**Exercise brief:** The needed output is the run of lines below from the one containing "Bing & Grøndahl" through the one containing "[KBS2] 2025 KBS", copied exactly and free of pictures.
──────── Given data
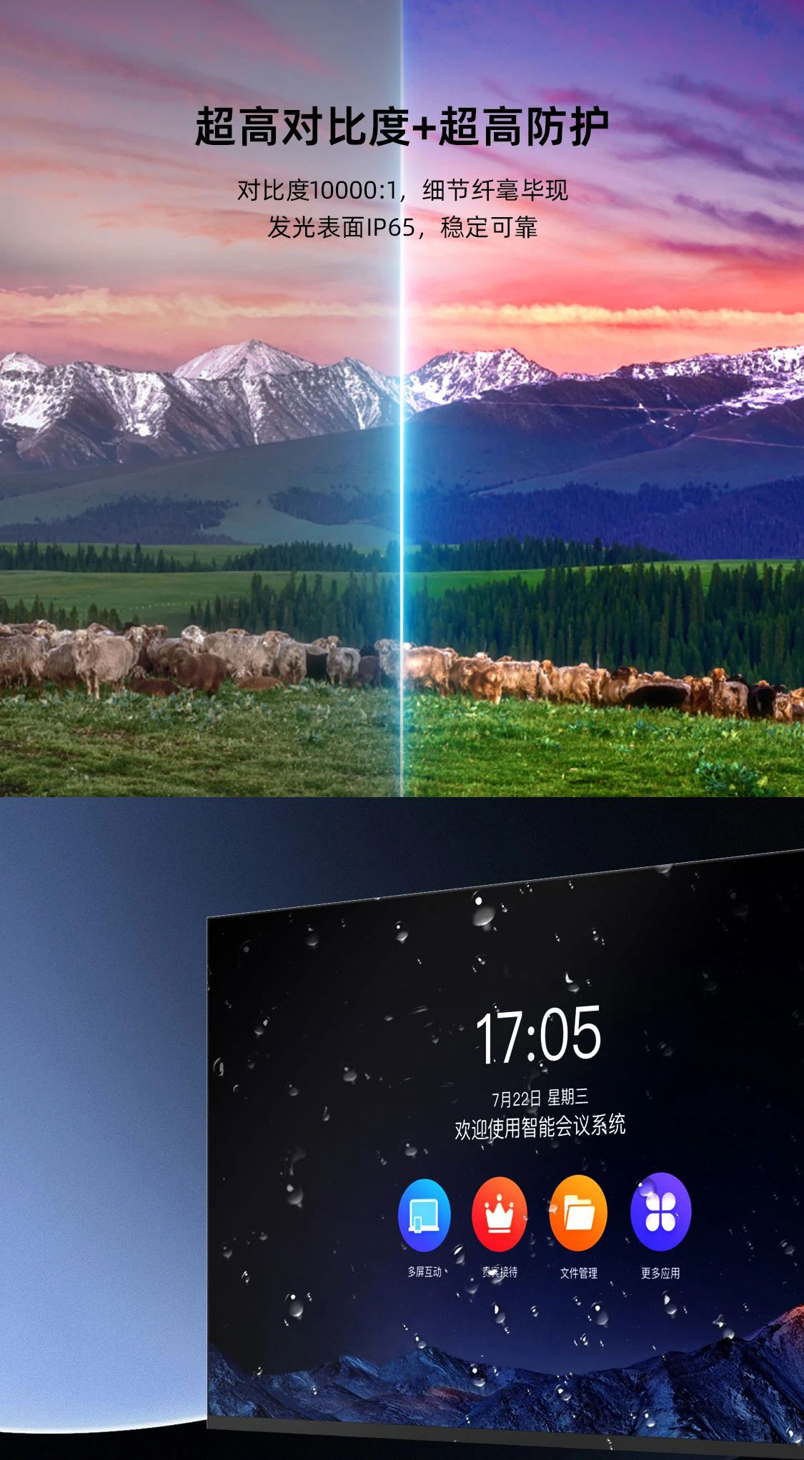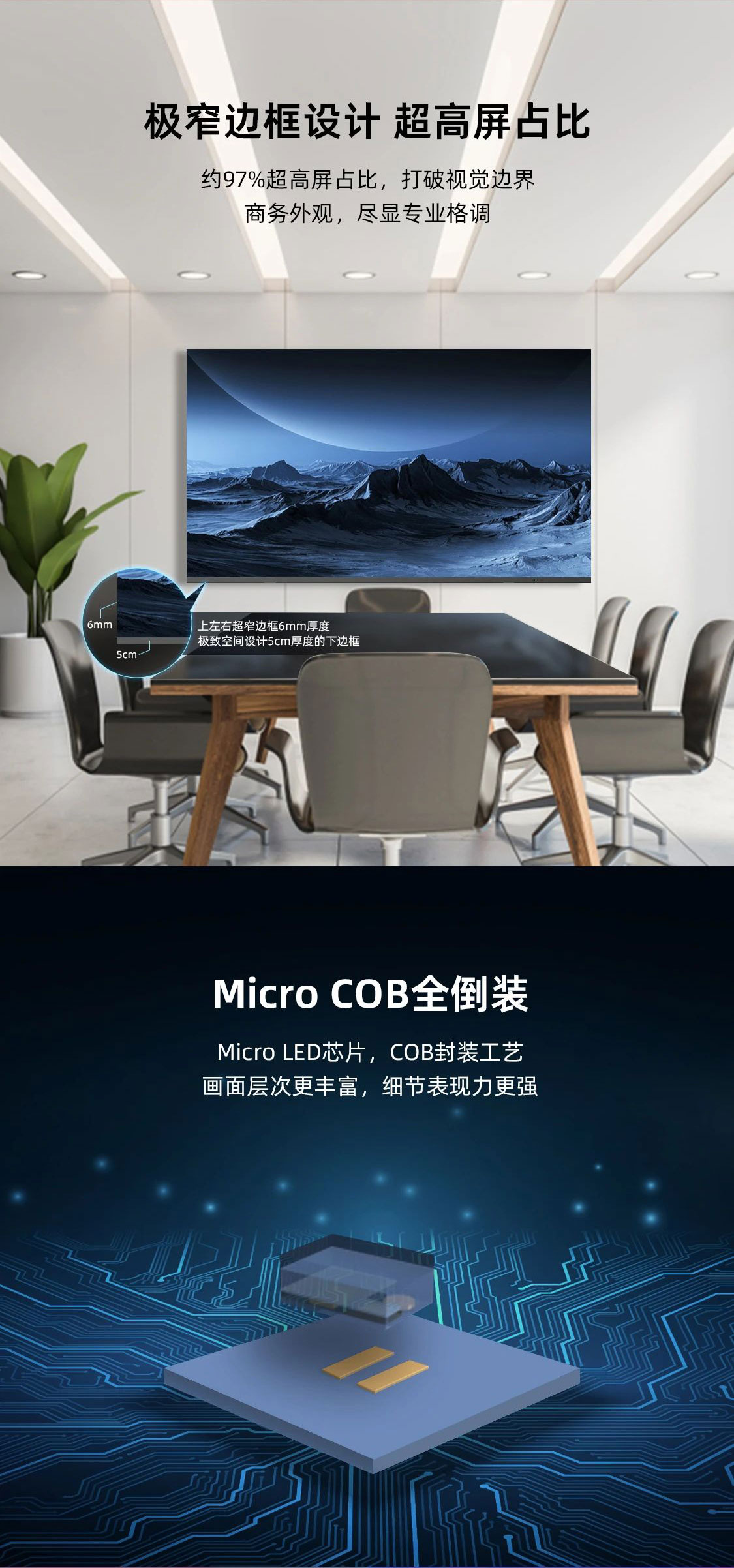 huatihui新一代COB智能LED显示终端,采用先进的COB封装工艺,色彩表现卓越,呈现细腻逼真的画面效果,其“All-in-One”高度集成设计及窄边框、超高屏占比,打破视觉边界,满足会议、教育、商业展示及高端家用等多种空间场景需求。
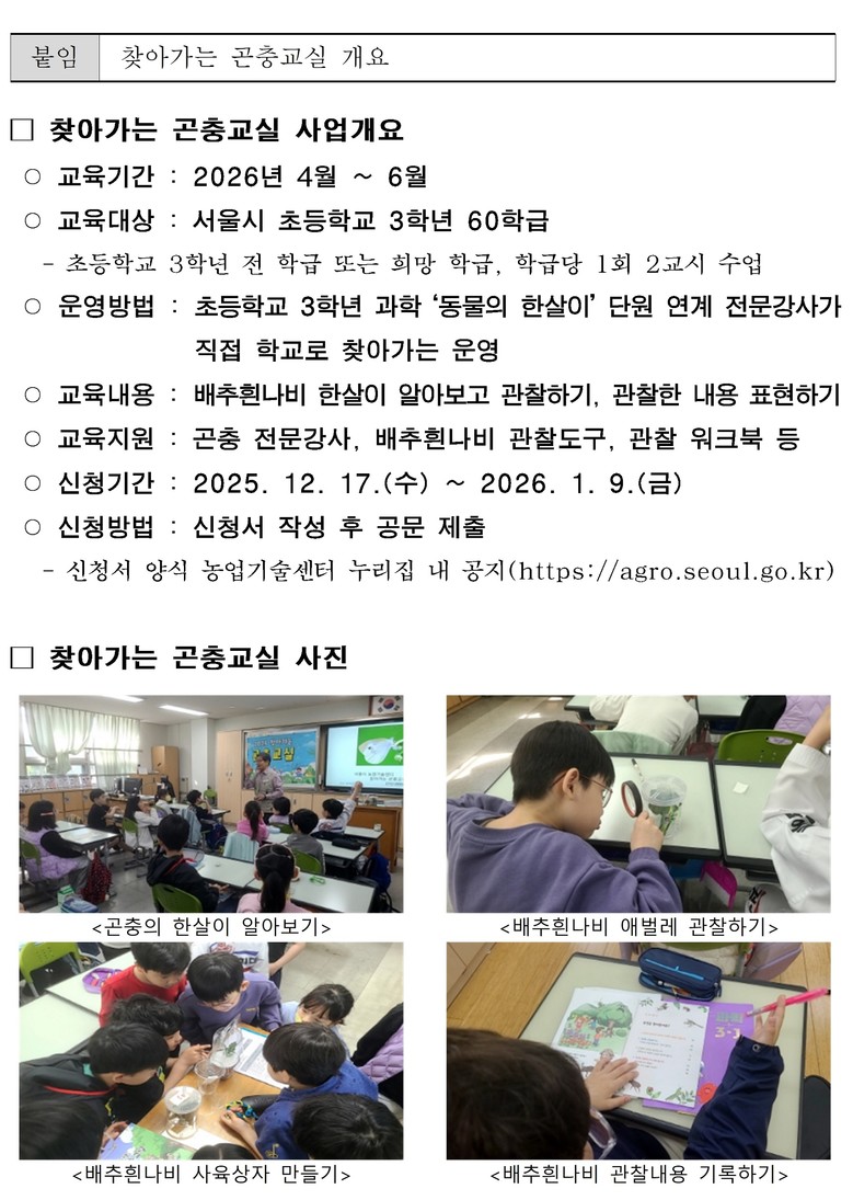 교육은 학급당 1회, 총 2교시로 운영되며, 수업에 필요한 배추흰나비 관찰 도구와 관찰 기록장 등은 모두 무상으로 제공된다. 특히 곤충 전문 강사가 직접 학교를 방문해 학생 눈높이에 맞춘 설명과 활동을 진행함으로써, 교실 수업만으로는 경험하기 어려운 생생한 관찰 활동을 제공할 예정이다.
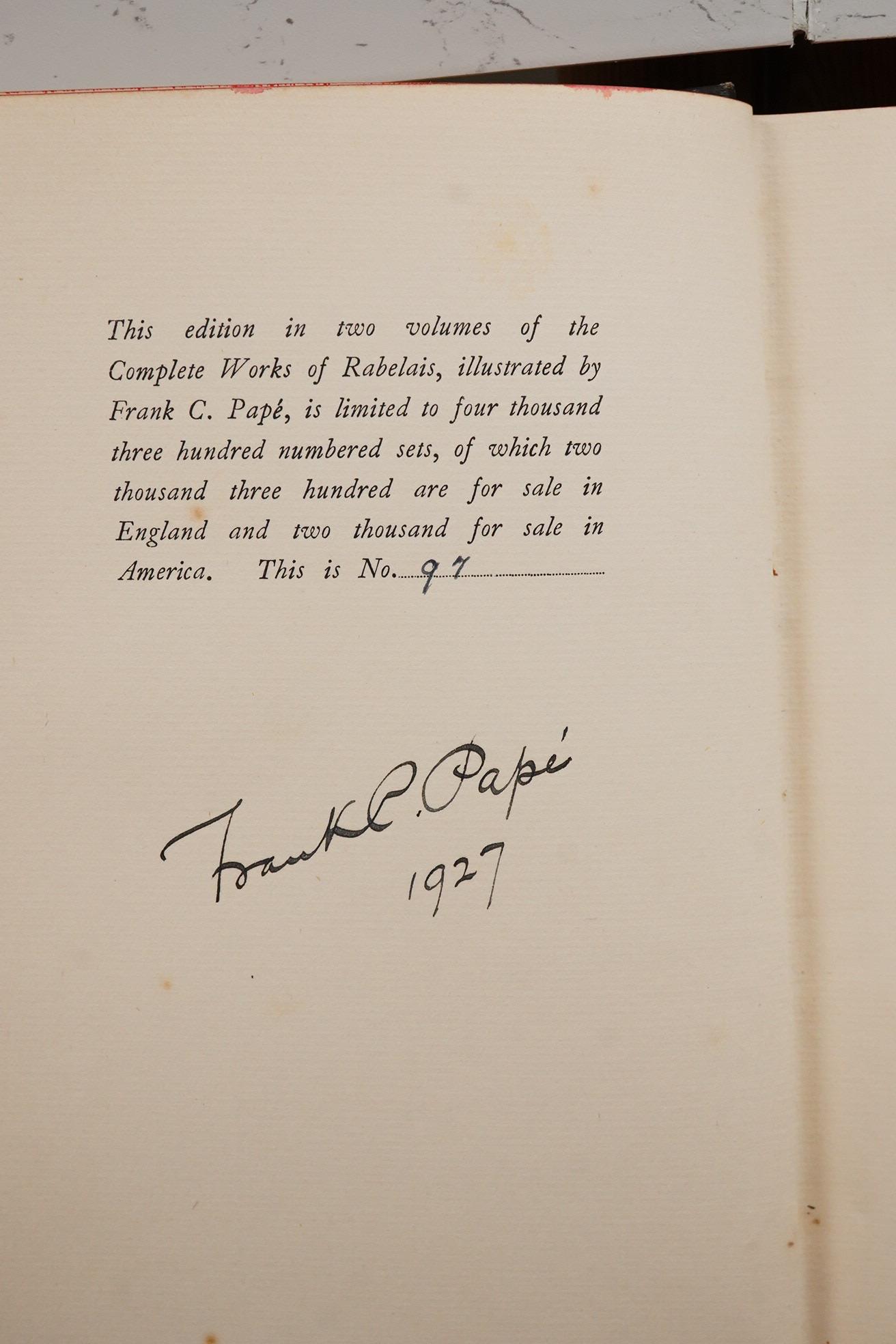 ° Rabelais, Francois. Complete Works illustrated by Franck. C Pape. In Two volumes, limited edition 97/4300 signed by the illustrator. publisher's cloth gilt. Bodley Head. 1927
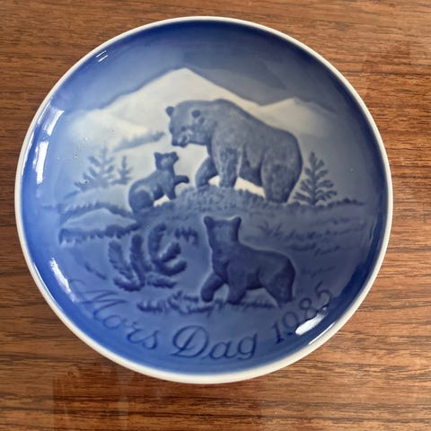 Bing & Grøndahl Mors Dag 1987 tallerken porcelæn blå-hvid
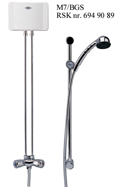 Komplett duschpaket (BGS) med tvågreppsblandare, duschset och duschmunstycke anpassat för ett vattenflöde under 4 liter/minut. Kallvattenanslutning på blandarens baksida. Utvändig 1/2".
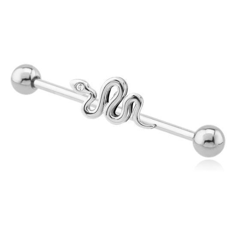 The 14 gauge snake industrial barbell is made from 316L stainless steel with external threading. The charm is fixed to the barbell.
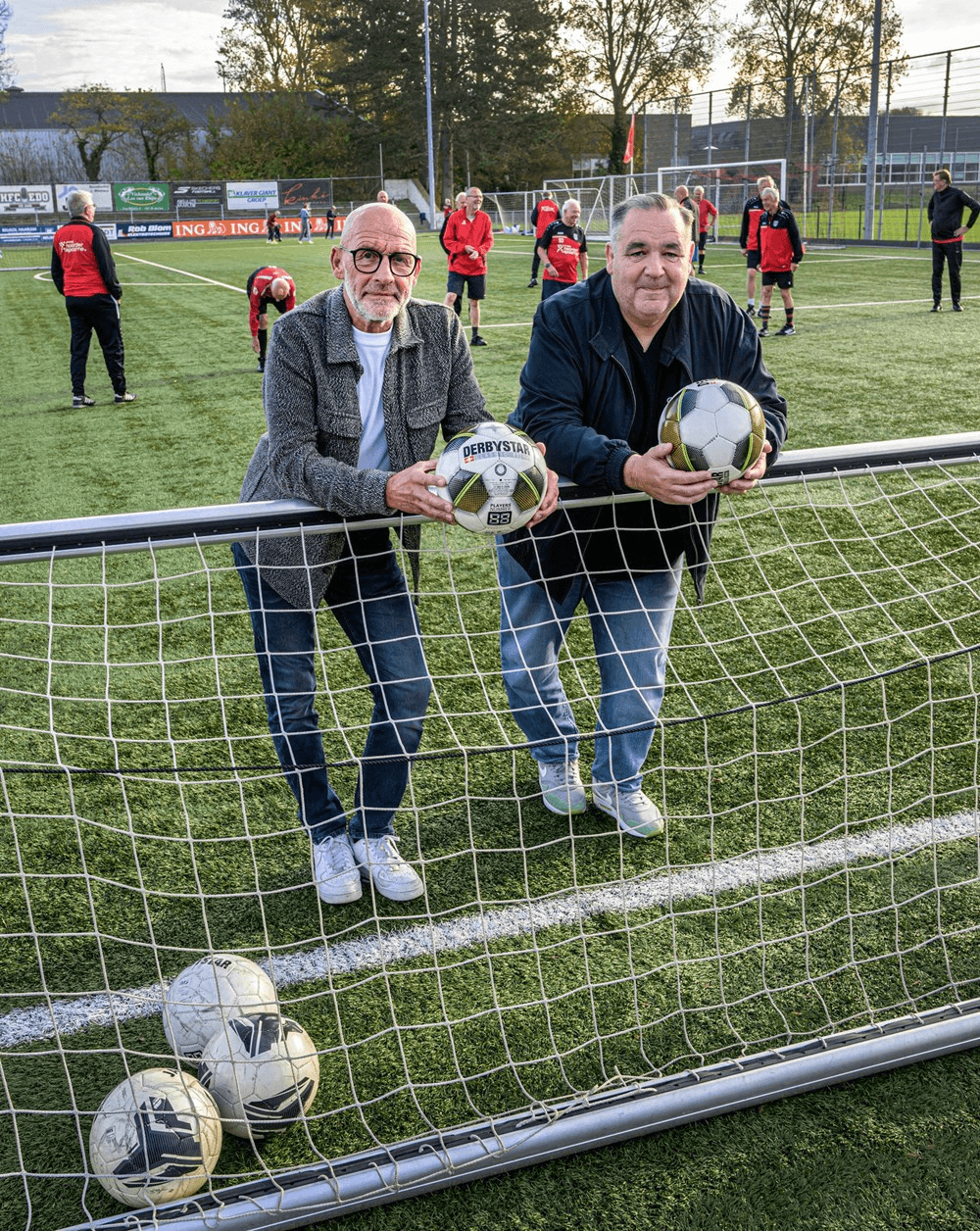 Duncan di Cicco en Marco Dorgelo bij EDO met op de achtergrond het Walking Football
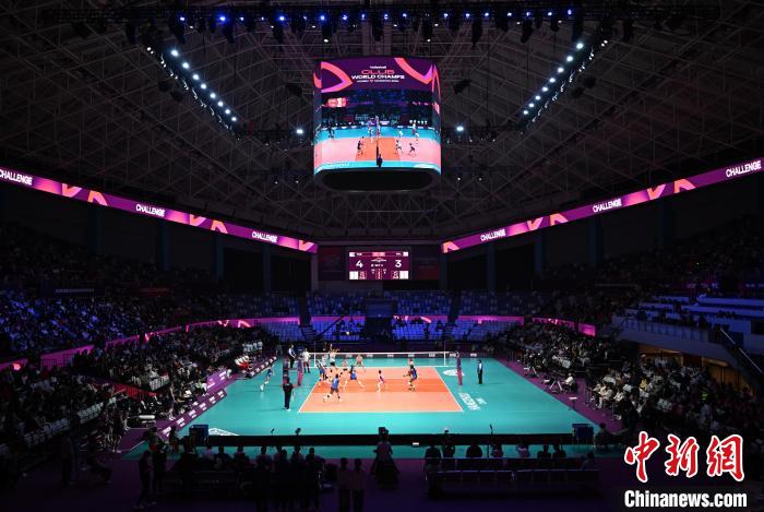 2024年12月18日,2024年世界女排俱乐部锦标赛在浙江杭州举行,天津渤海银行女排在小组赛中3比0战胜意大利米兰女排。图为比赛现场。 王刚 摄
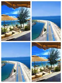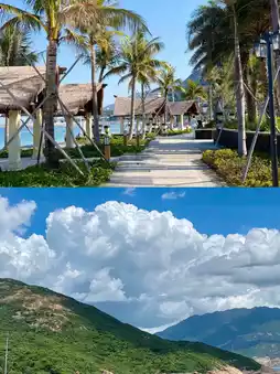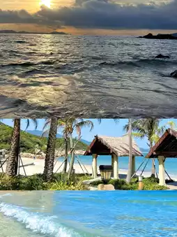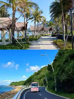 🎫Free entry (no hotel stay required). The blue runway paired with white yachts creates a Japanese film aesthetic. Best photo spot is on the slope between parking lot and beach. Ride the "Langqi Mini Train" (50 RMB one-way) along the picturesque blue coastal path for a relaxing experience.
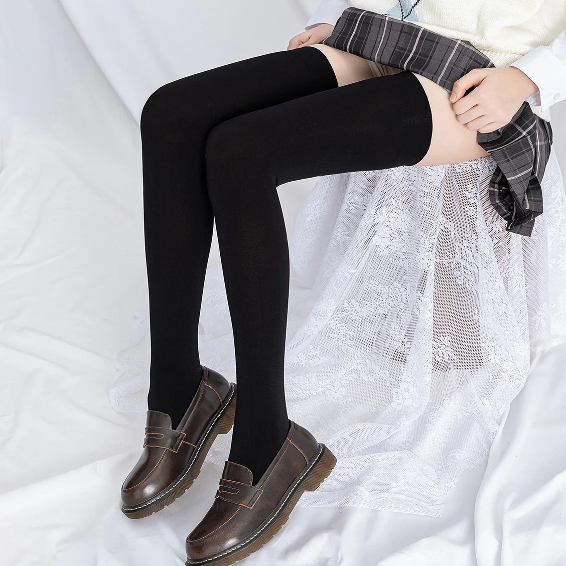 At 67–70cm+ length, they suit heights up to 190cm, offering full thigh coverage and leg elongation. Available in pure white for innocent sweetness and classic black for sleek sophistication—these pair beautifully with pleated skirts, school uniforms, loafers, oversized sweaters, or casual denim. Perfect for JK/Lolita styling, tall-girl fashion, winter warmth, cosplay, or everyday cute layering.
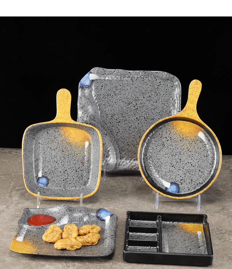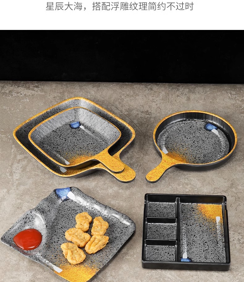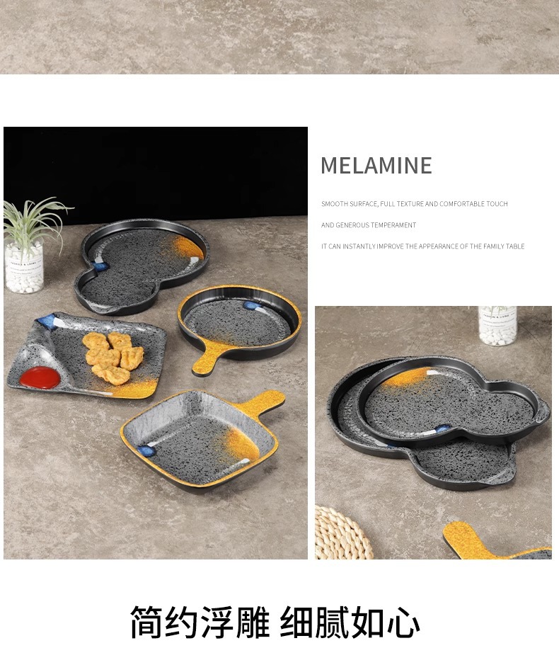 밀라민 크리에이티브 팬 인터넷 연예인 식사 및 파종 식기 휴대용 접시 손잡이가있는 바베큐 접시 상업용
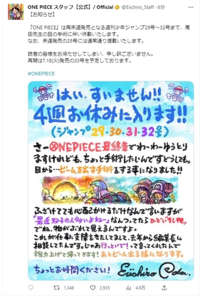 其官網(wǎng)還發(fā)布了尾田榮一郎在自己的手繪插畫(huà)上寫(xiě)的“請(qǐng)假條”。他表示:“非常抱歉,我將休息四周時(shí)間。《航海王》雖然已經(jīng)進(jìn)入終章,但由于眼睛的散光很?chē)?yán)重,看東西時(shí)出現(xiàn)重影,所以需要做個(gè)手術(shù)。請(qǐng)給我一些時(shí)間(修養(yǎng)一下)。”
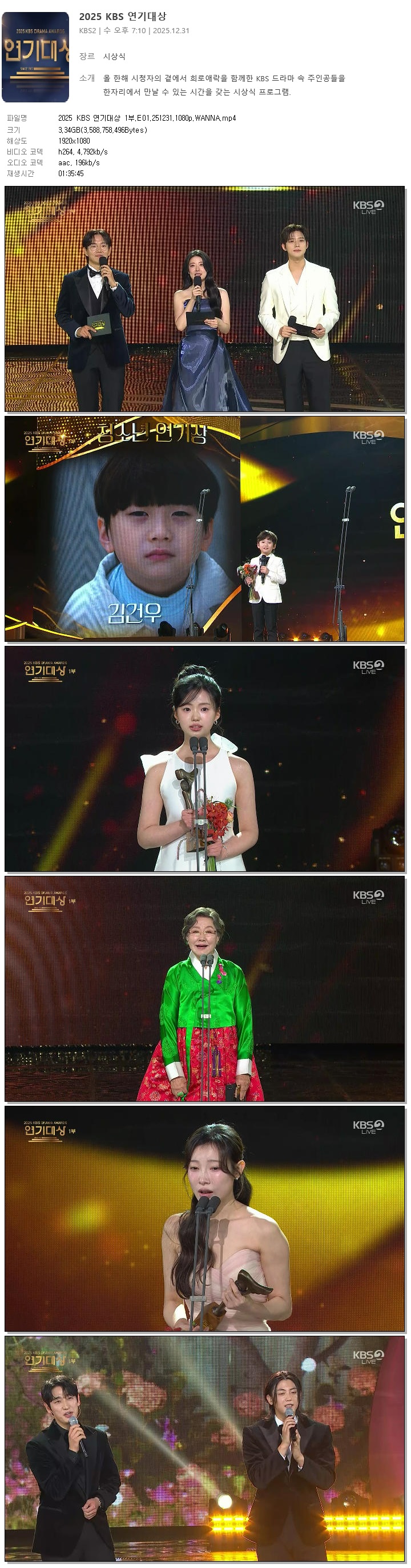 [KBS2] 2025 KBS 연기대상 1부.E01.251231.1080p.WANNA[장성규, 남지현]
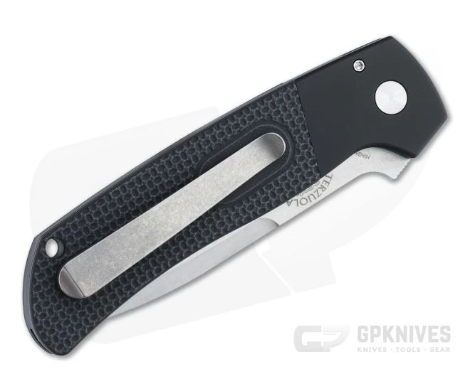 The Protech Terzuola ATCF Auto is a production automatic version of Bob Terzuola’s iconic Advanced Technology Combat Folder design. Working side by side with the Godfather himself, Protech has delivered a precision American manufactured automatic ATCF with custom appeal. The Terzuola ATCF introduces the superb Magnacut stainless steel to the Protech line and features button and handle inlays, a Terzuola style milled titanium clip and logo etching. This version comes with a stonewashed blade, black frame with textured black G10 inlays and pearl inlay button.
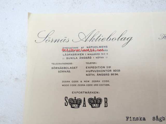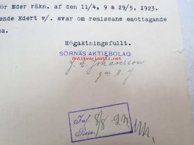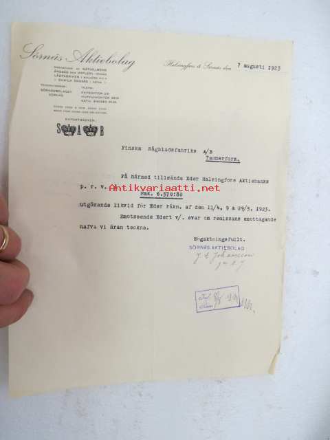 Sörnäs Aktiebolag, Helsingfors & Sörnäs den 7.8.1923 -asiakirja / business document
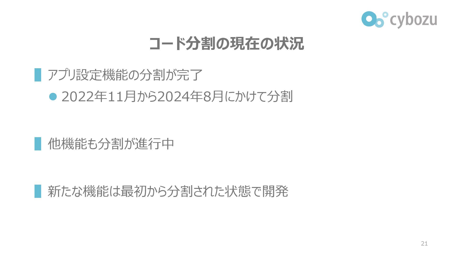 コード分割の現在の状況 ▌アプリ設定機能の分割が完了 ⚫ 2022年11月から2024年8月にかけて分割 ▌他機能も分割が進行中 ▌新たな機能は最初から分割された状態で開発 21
────────────────
**Your response:**
 Bing & Grøndahl Mors Dag 1987 tallerken porcelæn blå-hvid
 Komplett duschpaket (BGS) med tvågreppsblandare, duschset och duschmunstycke anpassat för ett vattenflöde under 4 liter/minut. Kallvattenanslutning på blandarens baksida. Utvändig 1/2".
 The 14 gauge snake industrial barbell is made from 316L stainless steel with external threading. The charm is fixed to the barbell.
 Duncan di Cicco en Marco Dorgelo bij EDO met op de achtergrond het Walking Football
 2024年12月18日,2024年世界女排俱乐部锦标赛在浙江杭州举行,天津渤海银行女排在小组赛中3比0战胜意大利米兰女排。图为比赛现场。 王刚 摄
 🎫Free entry (no hotel stay required). The blue runway paired with white yachts creates a Japanese film aesthetic. Best photo spot is on the slope between parking lot and beach. Ride the "Langqi Mini Train" (50 RMB one-way) along the picturesque blue coastal path for a relaxing experience.
 At 67–70cm+ length, they suit heights up to 190cm, offering full thigh coverage and leg elongation. Available in pure white for innocent sweetness and classic black for sleek sophistication—these pair beautifully with pleated skirts, school uniforms, loafers, oversized sweaters, or casual denim. Perfect for JK/Lolita styling, tall-girl fashion, winter warmth, cosplay, or everyday cute layering.
 밀라민 크리에이티브 팬 인터넷 연예인 식사 및 파종 식기 휴대용 접시 손잡이가있는 바베큐 접시 상업용
 其官網(wǎng)還發(fā)布了尾田榮一郎在自己的手繪插畫(huà)上寫(xiě)的“請(qǐng)假條”。他表示:“非常抱歉,我將休息四周時(shí)間。《航海王》雖然已經(jīng)進(jìn)入終章,但由于眼睛的散光很?chē)?yán)重,看東西時(shí)出現(xiàn)重影,所以需要做個(gè)手術(shù)。請(qǐng)給我一些時(shí)間(修養(yǎng)一下)。”
 [KBS2] 2025 KBS 연기대상 1부.E01.251231.1080p.WANNA[장성규, 남지현]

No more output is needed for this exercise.